Thematic Block II: BY values and normative associations
- Public awareness levels about the EU and the EEU are exceptionally high and stable.
- At the same time, there are persistent normative differences in public perceptions of their greater neighbours: while the EU continues to associate with a model of liberal democracy; the EEU presents a hybrid case of ‘social democracy,’ with a mix of liberal and socialist (egalitarian) values – which is closer to ‘the hearts and minds’ of the Belarusians.
- For the first time however, market economy, a prevalent feature in both models, is seen as a ground for closer convergence between the two normative models.
- There is a perceivable overlap in the benefits that the EU and the EEU could offer, which exacerbates a sense of rivalry between the two powers, in the eyes of the respondents.

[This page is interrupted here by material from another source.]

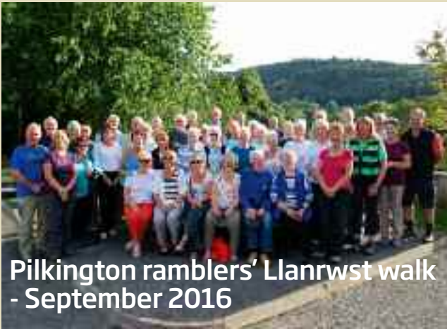
Pilkington ramblers' Llanrwst walk - September 2016

Trade and economic development are prioritised in the relationship with both, but more opportunities for cooperation are seen with the EEU.
Thematic Block III: Geopolitics – BY between the EU and the EEU
- While both partners are seen as strategically important for BY, twice as many respondents believe that the EEU should be their principal partner.
- A growing plurality of respondents believe the EU and the EEU may not be able to work together in helping to modernise BY.
- There is a perceivable growing sense of rivalry between the two neighbours which is further attested by a sense of their overlapping competencies.
- Over 50% respondents believe that the country’s foreign policy is firmly anchored on Russia and the EEU; with two thirds approving of this course of development.